*Records provided*.
■ ■ ■ ■ ■ ■ ■
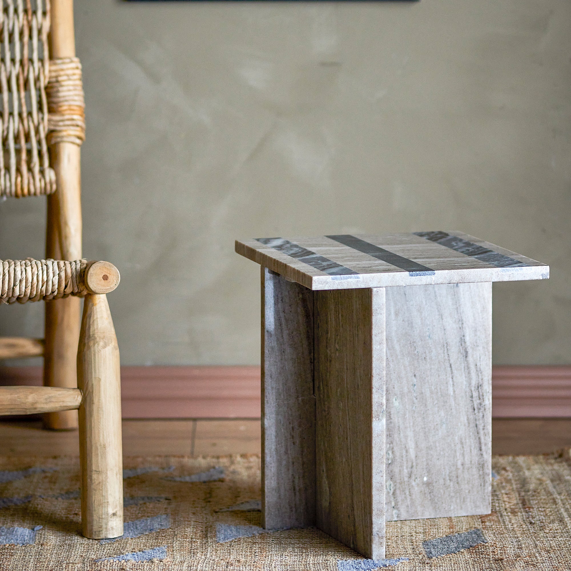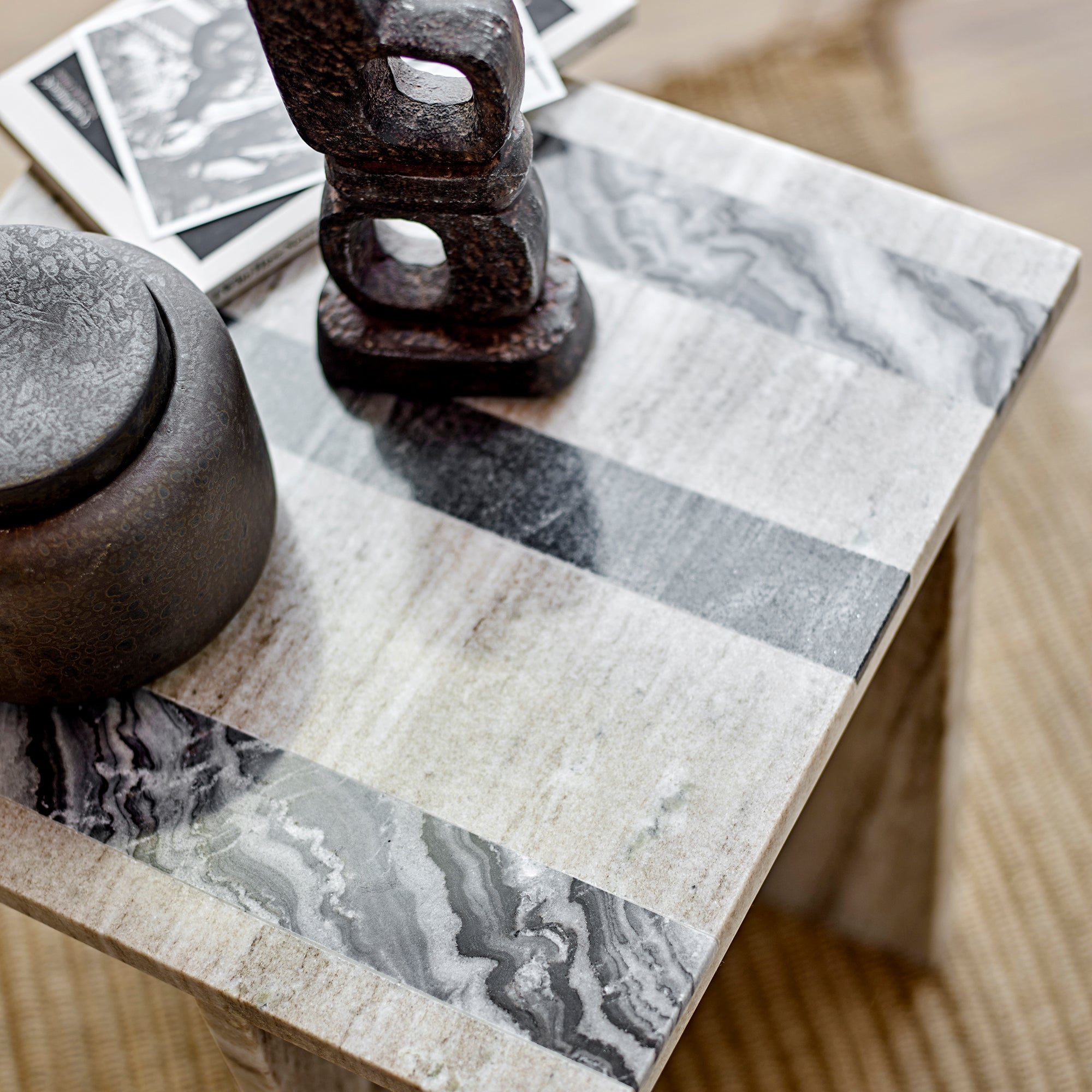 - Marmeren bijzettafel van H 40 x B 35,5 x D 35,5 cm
■ ■ ■ ■ ■ ■ ■
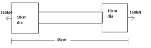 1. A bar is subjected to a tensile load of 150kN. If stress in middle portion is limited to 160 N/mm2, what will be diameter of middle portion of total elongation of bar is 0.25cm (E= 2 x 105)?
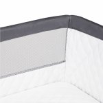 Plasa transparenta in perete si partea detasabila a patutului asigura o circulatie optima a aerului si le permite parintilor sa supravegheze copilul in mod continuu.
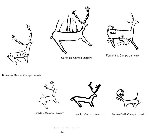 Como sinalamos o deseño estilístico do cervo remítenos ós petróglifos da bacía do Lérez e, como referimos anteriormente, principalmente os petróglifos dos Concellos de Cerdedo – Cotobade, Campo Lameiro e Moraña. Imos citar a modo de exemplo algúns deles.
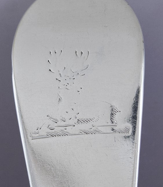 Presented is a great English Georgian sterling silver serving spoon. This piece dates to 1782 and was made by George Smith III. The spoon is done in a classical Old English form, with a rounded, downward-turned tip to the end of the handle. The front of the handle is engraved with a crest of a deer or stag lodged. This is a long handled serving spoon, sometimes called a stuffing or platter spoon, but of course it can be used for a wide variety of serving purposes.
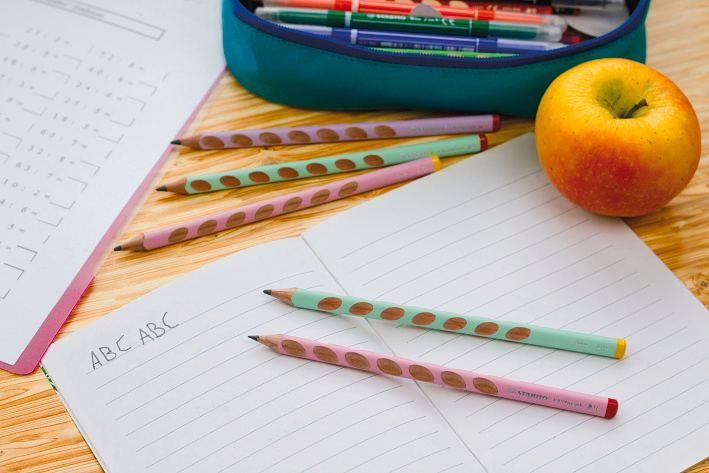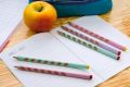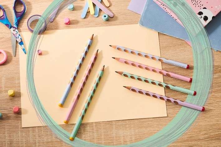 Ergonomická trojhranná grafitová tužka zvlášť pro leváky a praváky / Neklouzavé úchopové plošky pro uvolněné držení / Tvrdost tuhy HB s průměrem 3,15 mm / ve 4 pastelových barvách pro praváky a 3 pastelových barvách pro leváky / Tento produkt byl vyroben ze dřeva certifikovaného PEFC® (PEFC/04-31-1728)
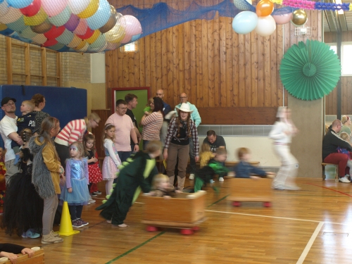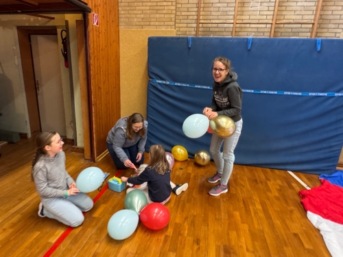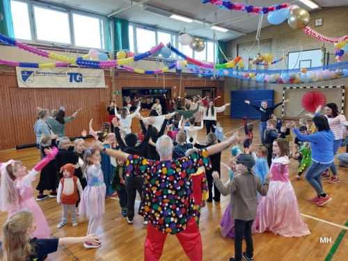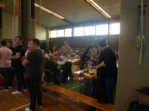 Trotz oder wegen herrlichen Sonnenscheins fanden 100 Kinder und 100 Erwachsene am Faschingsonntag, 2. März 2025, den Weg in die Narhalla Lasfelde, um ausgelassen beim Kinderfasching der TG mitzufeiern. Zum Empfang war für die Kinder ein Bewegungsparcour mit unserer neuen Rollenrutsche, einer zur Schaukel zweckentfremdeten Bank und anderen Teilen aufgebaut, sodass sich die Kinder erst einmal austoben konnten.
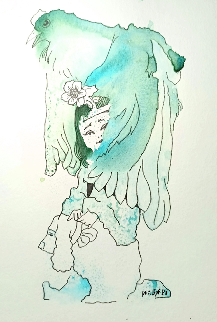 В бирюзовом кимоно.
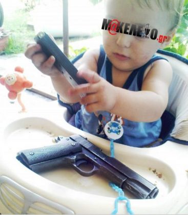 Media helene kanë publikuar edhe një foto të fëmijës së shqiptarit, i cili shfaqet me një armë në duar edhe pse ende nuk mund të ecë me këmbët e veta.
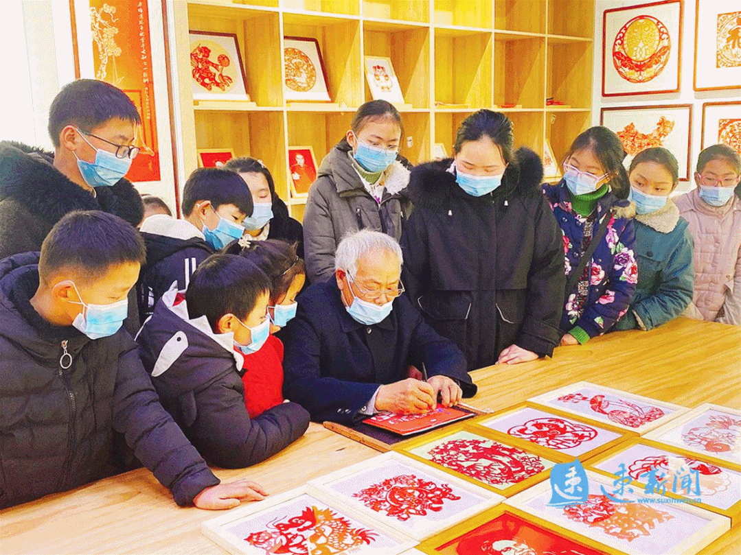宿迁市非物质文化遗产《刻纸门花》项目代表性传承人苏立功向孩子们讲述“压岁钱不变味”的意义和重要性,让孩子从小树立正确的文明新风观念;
■ ■ ■ ■ ■ ■ ■
*Task description*. Excluding any pictures, print exactly the lines of the listing above from the line with "Media helene kanë" to the line with "宿迁市非物质文化遗产《刻纸门", both ends included.

*Response for this exercise*.
 Media helene kanë publikuar edhe një foto të fëmijës së shqiptarit, i cili shfaqet me një armë në duar edhe pse ende nuk mund të ecë me këmbët e veta.
宿迁市非物质文化遗产《刻纸门花》项目代表性传承人苏立功向孩子们讲述“压岁钱不变味”的意义和重要性,让孩子从小树立正确的文明新风观念;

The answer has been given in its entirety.